Records shown:
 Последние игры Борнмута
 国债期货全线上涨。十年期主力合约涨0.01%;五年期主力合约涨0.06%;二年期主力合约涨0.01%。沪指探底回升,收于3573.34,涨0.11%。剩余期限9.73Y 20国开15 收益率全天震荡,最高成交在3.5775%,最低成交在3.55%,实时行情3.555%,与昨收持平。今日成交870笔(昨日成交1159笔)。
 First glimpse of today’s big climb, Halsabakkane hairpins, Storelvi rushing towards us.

* * *

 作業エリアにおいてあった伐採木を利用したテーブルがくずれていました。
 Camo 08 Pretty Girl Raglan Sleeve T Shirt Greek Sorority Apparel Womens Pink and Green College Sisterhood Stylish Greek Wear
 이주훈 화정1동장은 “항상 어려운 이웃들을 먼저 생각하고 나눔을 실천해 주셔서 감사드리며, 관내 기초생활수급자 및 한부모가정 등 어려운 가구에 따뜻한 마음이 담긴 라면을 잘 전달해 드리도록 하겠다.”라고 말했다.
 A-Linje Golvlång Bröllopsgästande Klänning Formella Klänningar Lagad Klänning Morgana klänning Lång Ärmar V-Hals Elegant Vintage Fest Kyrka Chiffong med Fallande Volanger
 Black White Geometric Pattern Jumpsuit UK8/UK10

Task objective:
Would you retype exactly the lines above, from the line with "Camo 08 Pretty" to the line with "Black White Geometric", with both end lines kept and nothing more?

Task answer:
 Camo 08 Pretty Girl Raglan Sleeve T Shirt Greek Sorority Apparel Womens Pink and Green College Sisterhood Stylish Greek Wear
 이주훈 화정1동장은 “항상 어려운 이웃들을 먼저 생각하고 나눔을 실천해 주셔서 감사드리며, 관내 기초생활수급자 및 한부모가정 등 어려운 가구에 따뜻한 마음이 담긴 라면을 잘 전달해 드리도록 하겠다.”라고 말했다.
 A-Linje Golvlång Bröllopsgästande Klänning Formella Klänningar Lagad Klänning Morgana klänning Lång Ärmar V-Hals Elegant Vintage Fest Kyrka Chiffong med Fallande Volanger
 Black White Geometric Pattern Jumpsuit UK8/UK10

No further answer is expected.